[What to produce]: Take the records below and set down exactly the lines from the one with "Shineful All Season" to the one with "小个子高腰烟管裤 宽松显瘦九分裤 女春秋新款 KZH真维斯直筒牛仔裤", ends included; do not copy the pictures.

[Recorded data]:
··········
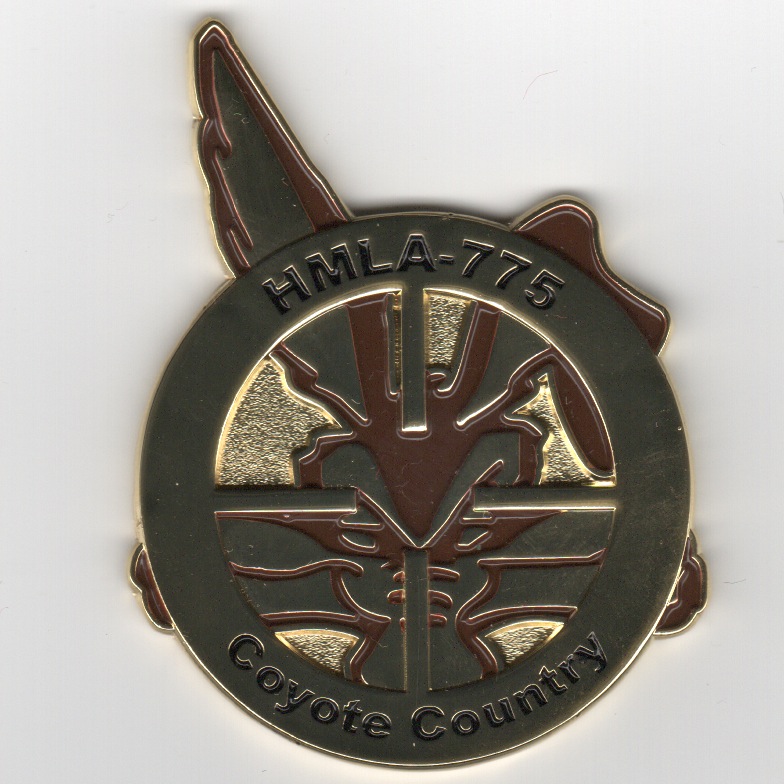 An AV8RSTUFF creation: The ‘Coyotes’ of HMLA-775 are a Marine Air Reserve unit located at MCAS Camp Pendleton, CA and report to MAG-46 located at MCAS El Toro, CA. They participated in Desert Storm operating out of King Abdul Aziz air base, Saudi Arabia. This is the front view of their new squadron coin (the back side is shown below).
··········
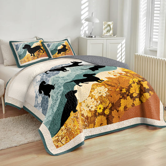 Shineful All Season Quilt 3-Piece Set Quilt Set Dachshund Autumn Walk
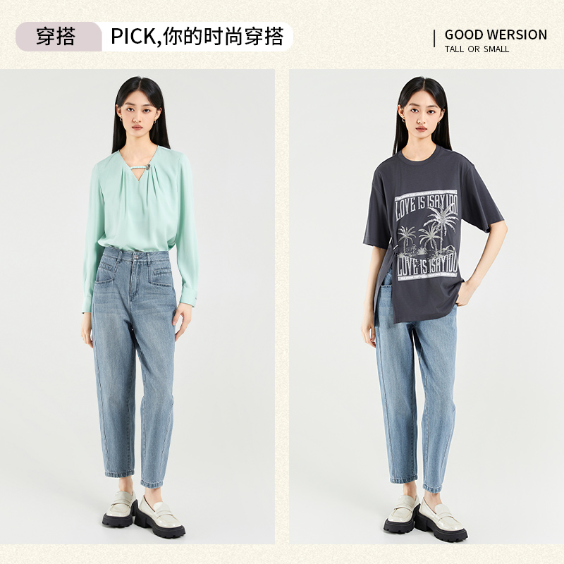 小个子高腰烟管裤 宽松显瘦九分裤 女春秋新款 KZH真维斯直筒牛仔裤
··········
[Output for this exercise]:
 Shineful All Season Quilt 3-Piece Set Quilt Set Dachshund Autumn Walk
 小个子高腰烟管裤 宽松显瘦九分裤 女春秋新款 KZH真维斯直筒牛仔裤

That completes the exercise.